On the SWISS-MODEL home page (https://swissmodel.expasy.org/), click Start Modeling and upload the protein sequence in the FASTA format. Click Search For Templates to search for the optimal template proteins.
Step 2: Select a proper template protein.
SWISS-MODEL provides the template proteins matched by the primary structure, degree of matching of each template protein, and template protein parameters. The optimal template protein is selected for homologous modeling based on the following standards:
1. To ensure consistency, the identity between the target and template proteins in the primary structure should be over 30%. The template protein with the highest identity is selected preferentially.

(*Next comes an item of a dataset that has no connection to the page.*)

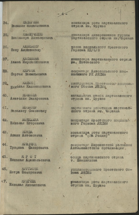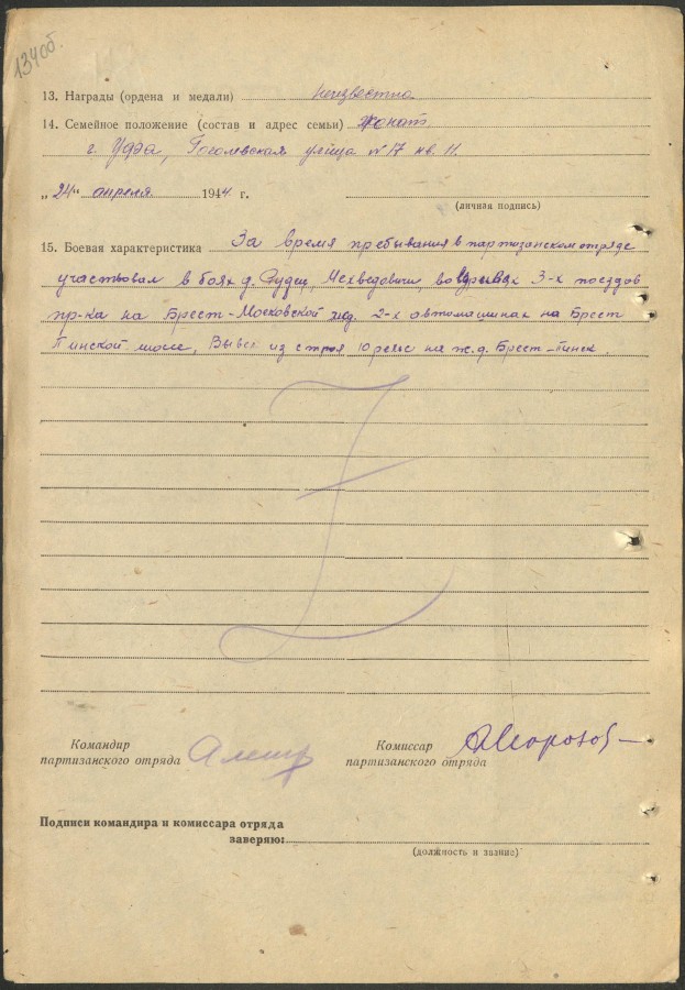 16 июля 1943 г. прибыл в партизанский отряд «из плена, из-за Буга» и был зачислен рядовым бойцом. «За время пребывания в партизанском отряде, - отмечается в личном листке по учету партизанских кадров, принимал участие в боях у д. Рудец, Мехведовичи, в время взрыва 3-х поездов противника на Брест-Московской ж.д., 2-х автомашин на Брест-Пинском шоссе. Вывел из строя 10 рельс на ж.д. Брест-Пинск».

2. The SARS-CoV template protein is preferred for homologous modeling.
3. When identities are similar, the template for constructing the crystal structure using the high-precision X-ray method is preferred. If X-ray is unavailable, check the protein structure resolution in the PDB. The one with a higher resolution is preferred.
4. If Oligo-State has two values, homo and hetero, select both of them.
Step 3: Single-sourcing modeling
After selecting the optimal template protein, click Build Models on the page to automatically perform single-sourcing modeling. For proteins with short sequences (<100 residues), the process usually takes a few minutes. For proteins with a long sequence (>1000 residues), the process usually takes about 20 minutes. After the modeling is completed, the 3D spatial structure of the template and target proteins can be directly downloaded for subsequent analysis.
Step 4: Molecular dynamics simulation
Protein structures derived from homologous modeling can be used in molecular dynamics simulations. This process can be performed using tools such as Gromacs, which is normally time-consuming. HUAWEI CLOUD EIHealth provides an accelerated version of Gromacs that completes this process six times faster than the traditional version.
Modeling Result Statistics
Of the 20 proteins of SARS-CoV-2 whose primary structures have been modeled, 15 have high homology compared with SARS-CoV proteins, and the identities are over 70%. The 3D spatial conformation of these proteins is similar to that of template proteins.
One of the proteins, NSP4, does not have a good homologous protein in SARS-CoV. It is modeled with A59 of hepatitis viruses in mice, and its identity is greater than 60%.
The homologous modeling results of another four proteins are not ideal. NSP2, NSP6, and M do not have good target templates. The identity of the protein sequence with the best matching degree is less than 30%. In addition, the length of the NSP11 protein is only 11 residues, which is too short and does not meet the modeling requirements.
The following table lists the lengths of the target proteins, the selections of the template proteins, and the parameters for homologous modeling.
The 3D structures of template proteins and SARS-CoV-2 proteins obtained from homologous modeling are saved in PDB format. To facilitate query, the Notebook tool of the HUAWEI CLOUD EIHealth platform provides plug-ins and tools required for visualization. You can interactively drag and display the 3D structure of any of the proteins.
The preceding data, algorithms, and tools have been integrated into the HUAWEI CLOUD EIHealth platform. Using the powerful computing capability of the HUAWEI CLOUD Ascend AI clusters, you can complete end-to-end analysis in a time- and labor-efficient manner.